» REQUIRED ACTION: Records follow. Print exactly the lines from the one that has "王国堡垒需要需要政厅等级到达" through the one that has "根据四川省教育考试院《关于做", inclusive, and omit the pictures.

» GIVEN RECORDS:
>>>

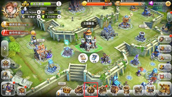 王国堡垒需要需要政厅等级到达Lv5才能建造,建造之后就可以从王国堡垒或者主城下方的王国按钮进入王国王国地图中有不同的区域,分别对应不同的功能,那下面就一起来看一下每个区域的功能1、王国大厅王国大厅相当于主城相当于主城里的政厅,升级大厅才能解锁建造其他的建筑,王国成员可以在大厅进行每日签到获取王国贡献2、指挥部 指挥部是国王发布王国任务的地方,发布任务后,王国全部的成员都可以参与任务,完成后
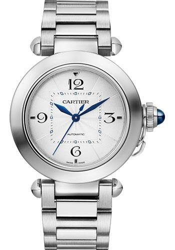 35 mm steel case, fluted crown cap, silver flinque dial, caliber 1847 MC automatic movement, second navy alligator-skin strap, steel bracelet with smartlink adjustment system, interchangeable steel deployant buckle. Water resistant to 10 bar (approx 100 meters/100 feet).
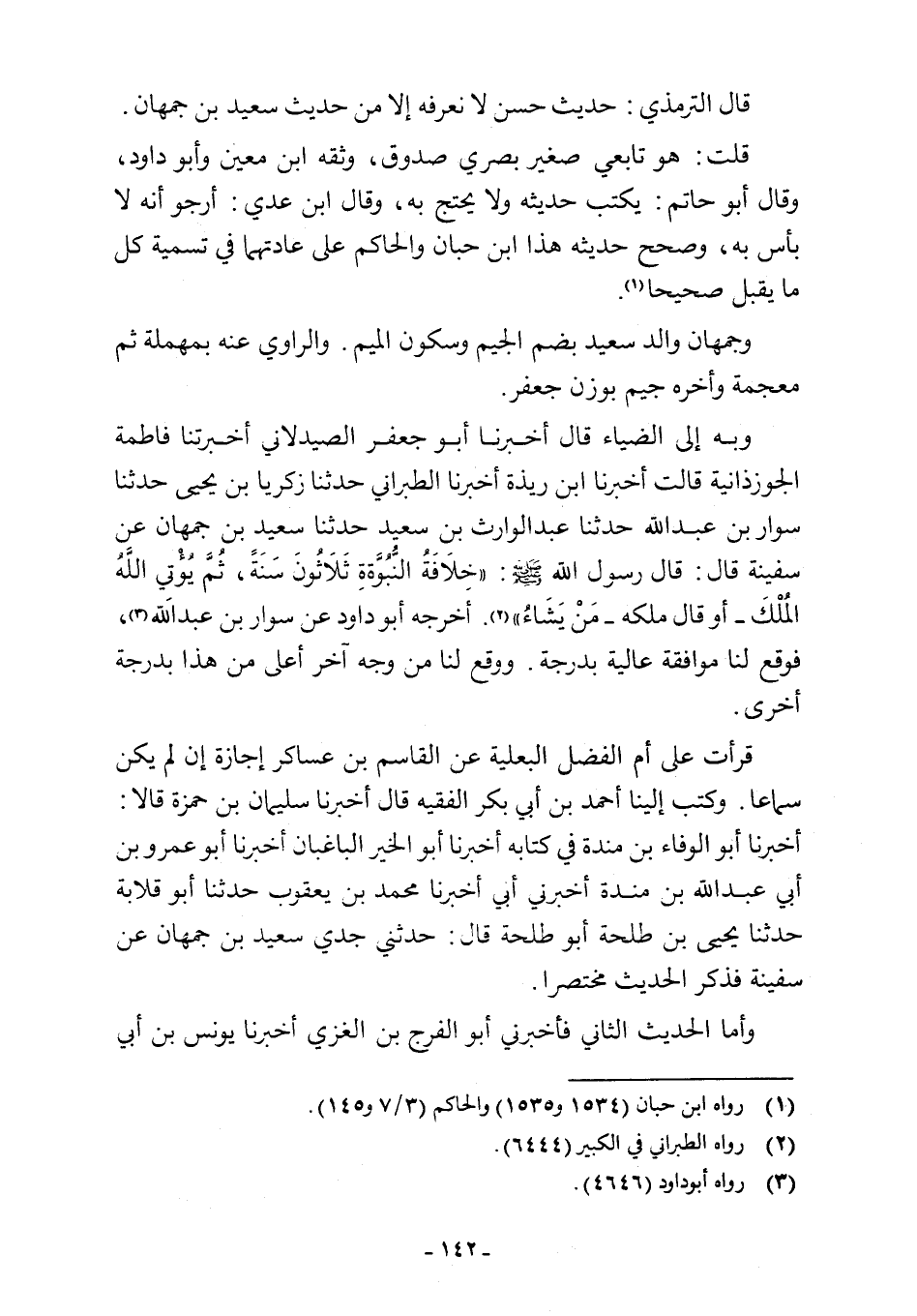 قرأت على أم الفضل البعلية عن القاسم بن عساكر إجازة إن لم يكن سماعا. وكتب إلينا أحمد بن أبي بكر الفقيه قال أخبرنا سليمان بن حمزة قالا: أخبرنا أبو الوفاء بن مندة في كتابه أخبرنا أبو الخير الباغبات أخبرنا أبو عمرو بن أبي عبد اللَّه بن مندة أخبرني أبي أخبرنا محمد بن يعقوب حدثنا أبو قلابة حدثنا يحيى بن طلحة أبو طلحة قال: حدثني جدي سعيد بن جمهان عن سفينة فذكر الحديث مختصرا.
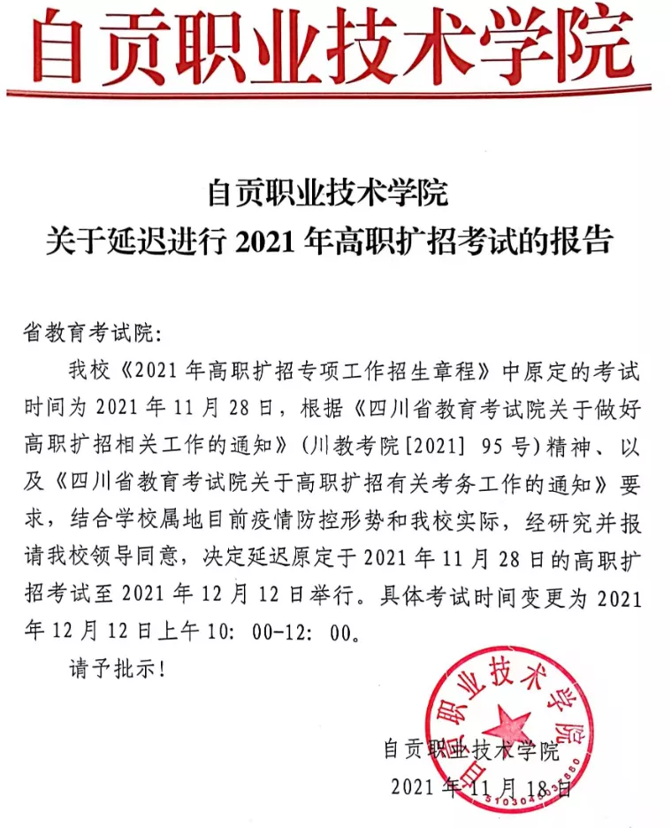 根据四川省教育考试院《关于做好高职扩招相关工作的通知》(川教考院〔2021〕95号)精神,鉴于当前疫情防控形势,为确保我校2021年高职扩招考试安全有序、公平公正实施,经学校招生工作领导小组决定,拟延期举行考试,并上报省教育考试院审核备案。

<<<
>>>

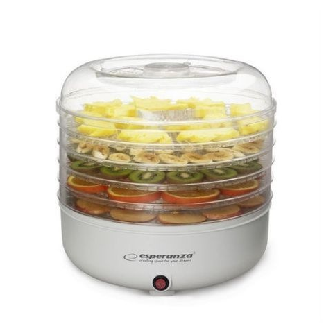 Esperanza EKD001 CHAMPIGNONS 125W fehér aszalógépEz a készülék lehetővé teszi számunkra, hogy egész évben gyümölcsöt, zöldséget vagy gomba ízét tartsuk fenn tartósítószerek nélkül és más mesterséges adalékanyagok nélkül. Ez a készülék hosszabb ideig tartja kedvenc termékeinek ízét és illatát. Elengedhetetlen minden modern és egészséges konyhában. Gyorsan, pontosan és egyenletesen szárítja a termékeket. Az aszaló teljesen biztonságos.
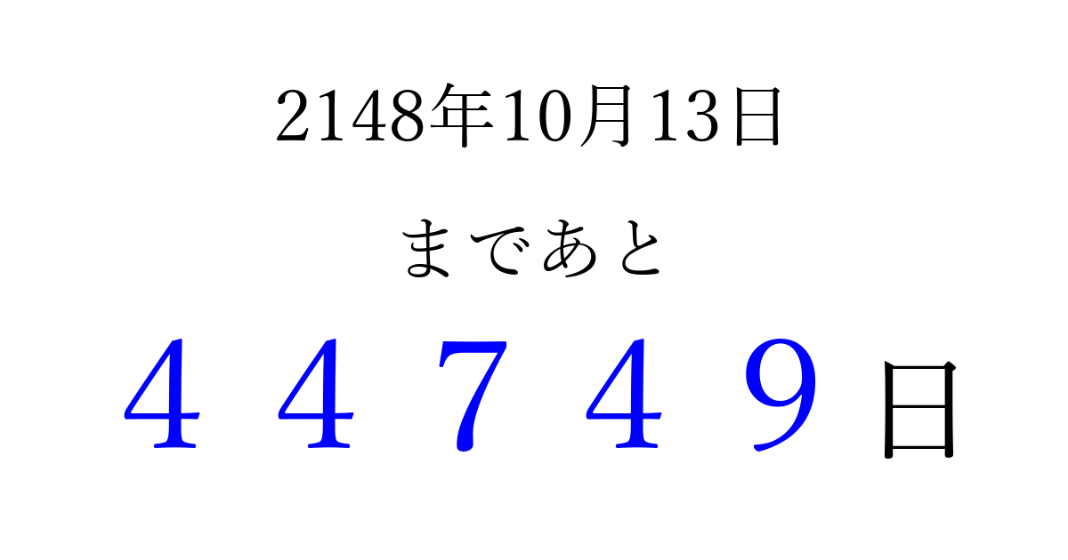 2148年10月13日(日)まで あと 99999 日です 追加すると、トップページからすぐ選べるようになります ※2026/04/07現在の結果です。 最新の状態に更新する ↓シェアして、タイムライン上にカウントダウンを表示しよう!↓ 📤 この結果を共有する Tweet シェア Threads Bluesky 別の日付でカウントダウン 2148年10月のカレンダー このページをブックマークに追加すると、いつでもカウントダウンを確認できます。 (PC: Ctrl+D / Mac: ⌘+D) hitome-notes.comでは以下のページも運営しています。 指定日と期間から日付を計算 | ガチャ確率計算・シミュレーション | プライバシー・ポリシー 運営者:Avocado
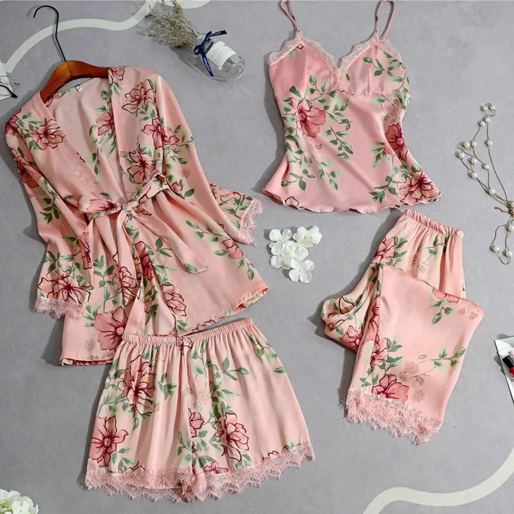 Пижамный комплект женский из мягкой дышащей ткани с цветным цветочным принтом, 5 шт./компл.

<<<

» WORKED SOLUTION:
 王国堡垒需要需要政厅等级到达Lv5才能建造,建造之后就可以从王国堡垒或者主城下方的王国按钮进入王国王国地图中有不同的区域,分别对应不同的功能,那下面就一起来看一下每个区域的功能1、王国大厅王国大厅相当于主城相当于主城里的政厅,升级大厅才能解锁建造其他的建筑,王国成员可以在大厅进行每日签到获取王国贡献2、指挥部 指挥部是国王发布王国任务的地方,发布任务后,王国全部的成员都可以参与任务,完成后
 35 mm steel case, fluted crown cap, silver flinque dial, caliber 1847 MC automatic movement, second navy alligator-skin strap, steel bracelet with smartlink adjustment system, interchangeable steel deployant buckle. Water resistant to 10 bar (approx 100 meters/100 feet).
 قرأت على أم الفضل البعلية عن القاسم بن عساكر إجازة إن لم يكن سماعا. وكتب إلينا أحمد بن أبي بكر الفقيه قال أخبرنا سليمان بن حمزة قالا: أخبرنا أبو الوفاء بن مندة في كتابه أخبرنا أبو الخير الباغبات أخبرنا أبو عمرو بن أبي عبد اللَّه بن مندة أخبرني أبي أخبرنا محمد بن يعقوب حدثنا أبو قلابة حدثنا يحيى بن طلحة أبو طلحة قال: حدثني جدي سعيد بن جمهان عن سفينة فذكر الحديث مختصرا.
 根据四川省教育考试院《关于做好高职扩招相关工作的通知》(川教考院〔2021〕95号)精神,鉴于当前疫情防控形势,为确保我校2021年高职扩招考试安全有序、公平公正实施,经学校招生工作领导小组决定,拟延期举行考试,并上报省教育考试院审核备案。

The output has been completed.